[HOW TO COMPLETE THIS TASK]: The lines from the top of the data down to the line with "2012年9月12日,重慶,76歲的王邦" should be repeated exactly, both ends included.
***
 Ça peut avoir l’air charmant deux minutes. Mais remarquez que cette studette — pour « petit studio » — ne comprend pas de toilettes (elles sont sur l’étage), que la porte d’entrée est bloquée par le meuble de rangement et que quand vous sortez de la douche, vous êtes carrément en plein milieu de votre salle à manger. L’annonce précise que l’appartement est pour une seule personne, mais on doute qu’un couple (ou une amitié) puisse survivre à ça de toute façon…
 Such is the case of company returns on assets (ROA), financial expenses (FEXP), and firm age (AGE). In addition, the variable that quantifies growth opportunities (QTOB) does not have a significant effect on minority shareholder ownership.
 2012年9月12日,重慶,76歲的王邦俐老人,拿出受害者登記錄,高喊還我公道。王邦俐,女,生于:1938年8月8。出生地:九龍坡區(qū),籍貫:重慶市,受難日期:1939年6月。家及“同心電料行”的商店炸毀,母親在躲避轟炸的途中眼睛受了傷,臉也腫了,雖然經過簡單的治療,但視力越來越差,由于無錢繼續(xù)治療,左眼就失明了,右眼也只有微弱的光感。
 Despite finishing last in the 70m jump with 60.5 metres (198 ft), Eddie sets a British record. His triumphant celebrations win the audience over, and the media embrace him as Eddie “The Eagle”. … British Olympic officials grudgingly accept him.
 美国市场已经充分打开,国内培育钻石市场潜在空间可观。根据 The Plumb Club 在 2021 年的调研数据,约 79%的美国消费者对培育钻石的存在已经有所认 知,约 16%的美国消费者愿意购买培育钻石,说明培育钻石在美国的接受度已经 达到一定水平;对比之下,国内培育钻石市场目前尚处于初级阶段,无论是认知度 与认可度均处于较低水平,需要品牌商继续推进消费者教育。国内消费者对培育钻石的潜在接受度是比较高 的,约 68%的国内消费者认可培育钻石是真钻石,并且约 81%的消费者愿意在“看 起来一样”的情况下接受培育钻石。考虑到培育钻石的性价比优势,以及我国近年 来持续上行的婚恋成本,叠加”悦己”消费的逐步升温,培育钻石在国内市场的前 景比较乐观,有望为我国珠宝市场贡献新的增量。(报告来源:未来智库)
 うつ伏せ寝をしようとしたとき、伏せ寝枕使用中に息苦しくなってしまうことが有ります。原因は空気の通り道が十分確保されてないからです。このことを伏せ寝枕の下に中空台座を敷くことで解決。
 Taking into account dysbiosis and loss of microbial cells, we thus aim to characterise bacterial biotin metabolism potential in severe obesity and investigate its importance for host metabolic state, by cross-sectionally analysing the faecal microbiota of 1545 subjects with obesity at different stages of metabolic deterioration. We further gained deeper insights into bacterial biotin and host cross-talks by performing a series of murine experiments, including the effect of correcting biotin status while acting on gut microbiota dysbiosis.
***
[SOLUTION]:
 Ça peut avoir l’air charmant deux minutes. Mais remarquez que cette studette — pour « petit studio » — ne comprend pas de toilettes (elles sont sur l’étage), que la porte d’entrée est bloquée par le meuble de rangement et que quand vous sortez de la douche, vous êtes carrément en plein milieu de votre salle à manger. L’annonce précise que l’appartement est pour une seule personne, mais on doute qu’un couple (ou une amitié) puisse survivre à ça de toute façon…
 Such is the case of company returns on assets (ROA), financial expenses (FEXP), and firm age (AGE). In addition, the variable that quantifies growth opportunities (QTOB) does not have a significant effect on minority shareholder ownership.
 2012年9月12日,重慶,76歲的王邦俐老人,拿出受害者登記錄,高喊還我公道。王邦俐,女,生于:1938年8月8。出生地:九龍坡區(qū),籍貫:重慶市,受難日期:1939年6月。家及“同心電料行”的商店炸毀,母親在躲避轟炸的途中眼睛受了傷,臉也腫了,雖然經過簡單的治療,但視力越來越差,由于無錢繼續(xù)治療,左眼就失明了,右眼也只有微弱的光感。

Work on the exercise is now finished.